--- Aim of the task ---
The entries below are to be given back exactly, with images excluded.

--- Records for the task ---
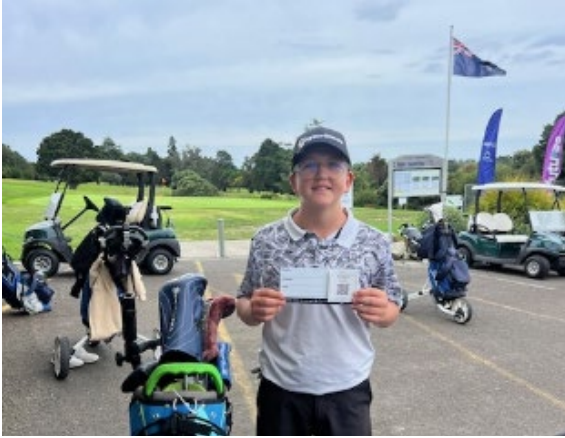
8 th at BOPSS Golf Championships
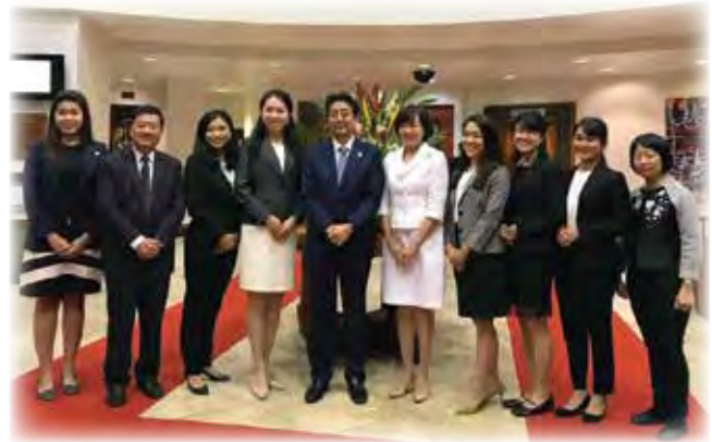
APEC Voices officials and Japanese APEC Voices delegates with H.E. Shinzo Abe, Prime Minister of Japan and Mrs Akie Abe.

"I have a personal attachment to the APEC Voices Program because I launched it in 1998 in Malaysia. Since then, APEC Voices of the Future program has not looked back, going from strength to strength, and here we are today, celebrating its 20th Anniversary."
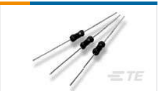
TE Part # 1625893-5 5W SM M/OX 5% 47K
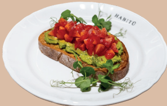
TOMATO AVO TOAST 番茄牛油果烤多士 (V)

--- Output ---
8 th at BOPSS Golf Championships
APEC Voices officials and Japanese APEC Voices delegates with H.E. Shinzo Abe, Prime Minister of Japan and Mrs Akie Abe.

"I have a personal attachment to the APEC Voices Program because I launched it in 1998 in Malaysia. Since then, APEC Voices of the Future program has not looked back, going from strength to strength, and here we are today, celebrating its 20th Anniversary."
TE Part # 1625893-5 5W SM M/OX 5% 47K
TOMATO AVO TOAST 番茄牛油果烤多士 (V)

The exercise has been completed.